Good evening everyone!
How are you doing?
I just stumbled on my lj blog and took a look at my old blog posts over there...embarassing shit.
Back then I regularly read An Cafe's Blog and sometimes I posted translations on my own blog...
Idk whether some of you know, but I'm a fan of An Cafe, my favorite member is Teruki. Why?
This is one example:
("Teruki death" is a word-play...it's "Teruki desu" (It's Teruki)
"Teruki death.
Starting from today I, Nagata, have 3 days of no work.
So, even though it's the day after a live, I woke up early in the
morning and came to the Southern Islands☆ I got on 2 airplane flights
and came to Ishigaki Island.
Just like I did at Hachijou
island, I was riding around the whole time with a rental bicycle today.

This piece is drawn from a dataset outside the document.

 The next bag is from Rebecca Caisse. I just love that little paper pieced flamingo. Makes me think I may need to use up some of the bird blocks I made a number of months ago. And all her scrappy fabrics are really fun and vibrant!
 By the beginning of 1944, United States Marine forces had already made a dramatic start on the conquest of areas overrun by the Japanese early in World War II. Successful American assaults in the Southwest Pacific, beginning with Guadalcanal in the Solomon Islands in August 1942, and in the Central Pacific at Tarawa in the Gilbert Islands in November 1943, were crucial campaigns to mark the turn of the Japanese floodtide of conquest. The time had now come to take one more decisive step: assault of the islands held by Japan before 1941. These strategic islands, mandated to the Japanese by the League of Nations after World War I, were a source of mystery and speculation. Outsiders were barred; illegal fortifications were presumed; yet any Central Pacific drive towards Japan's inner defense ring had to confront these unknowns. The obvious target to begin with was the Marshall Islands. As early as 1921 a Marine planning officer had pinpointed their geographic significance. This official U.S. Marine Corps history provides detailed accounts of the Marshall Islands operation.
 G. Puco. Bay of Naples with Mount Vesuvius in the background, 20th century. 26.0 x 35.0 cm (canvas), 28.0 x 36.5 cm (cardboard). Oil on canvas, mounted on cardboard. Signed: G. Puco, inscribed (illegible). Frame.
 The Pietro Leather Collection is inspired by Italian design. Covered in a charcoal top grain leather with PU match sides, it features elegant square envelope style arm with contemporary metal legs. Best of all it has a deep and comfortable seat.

Ishigaki island is really just filled with cows! There were also goats
too! And of course there's the beautiful ocean, and I'm just getting
healed the whole time. I could cry.
Long time ago when I used
to live in the main island of Okinawa, I would always get on my moped
and just go by myself to places I didn't even know and look for
beautiful sceneries. That linked to my trip to Hachijou island the other
day. I would get on my moped by myself, and as I look at the map I
would roughly decide my destination, but whenever I see an intriguing
small path or something, I'd go in...and then in the evening I would of
course go to the beach and gaze at the sunset. Also, I would e-mail my
family so many times too. I would attach pictures and say "this is ○○!"
and such.
When I talked about that to Yuuko san, she said "So
that's kind of like Teruki's means of escape?", and that really hit me.

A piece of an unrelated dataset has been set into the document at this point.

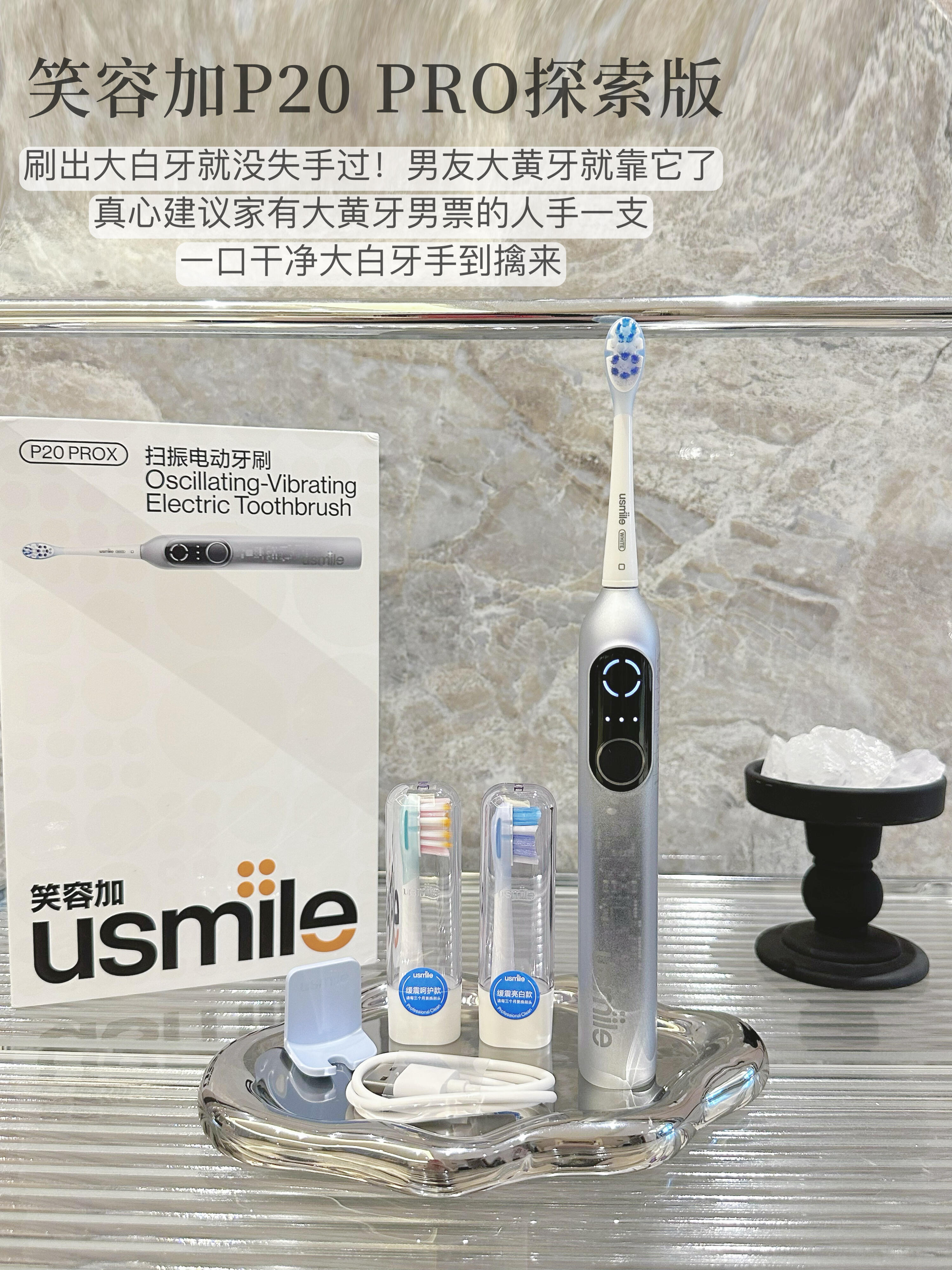 本篇笔记关联了usmile P20 PROX 成人款 电动牙刷 缓震 扫振一体 强清洁力 新一代 漏刷提醒 充电式 四区 圆屏 软毛 深度清洁 智能扫振 不打牙 防水 送男女朋友 冰银色【刷头*2】等商品,为用户提供真实的使用体验和购买参考。

But by "means of escape" I don't mean it in a negative way.
As
humans live their lives, they have fun times and hard times, right? And
I actually think that there are more hard times than fun times. So I
feel like the minus elements slowly start to accumulate. And at those
times, what's important is if you have an outlet for that. So that's
what the "means of escape" I was just talking about is. I think people
who have that can reset themselves. And people who don't have that, or
people who haven't found it yet just feel more and more pained.
For
my case, I guess my means of escape is being alone and placing myself
in the middle of nature. AnCafe is super fun, but there's also all kinds
of pressure too. Oh, I'll just say this now, but it's not like I'm
troubled with anything right now(^_^;) Don't do any unnecessary worrying
for me! *laugh*
Below is what was written in Tokyo FM's Mail Magazine↓
When
you are alone and surrounded by nature, you can realize all kinds of
things. Things like, maybe my worries are actually really small things,
or I'm standing only because I've been supported by the kindness from
the people around me. There are actually a lot of things you should be
thankful for towards everything around you. Even if small, there are a
lot.
I can't explain everything in words, but either way you can become more optimistic.
People
who are having hard times with friends or co-workers, people who are
being bullied at school, people who aren't loved by their family, people
who are crushed by expectations given by the people around them. Some
day I want to take you here to look at this scenery with me.
For
some reason I drank so much alcohol today. Even though I haven't slept
that much. Tomorrow I'm going to cross over to Yonaguni island.
I'm glad I got to know AnCafe. Good night."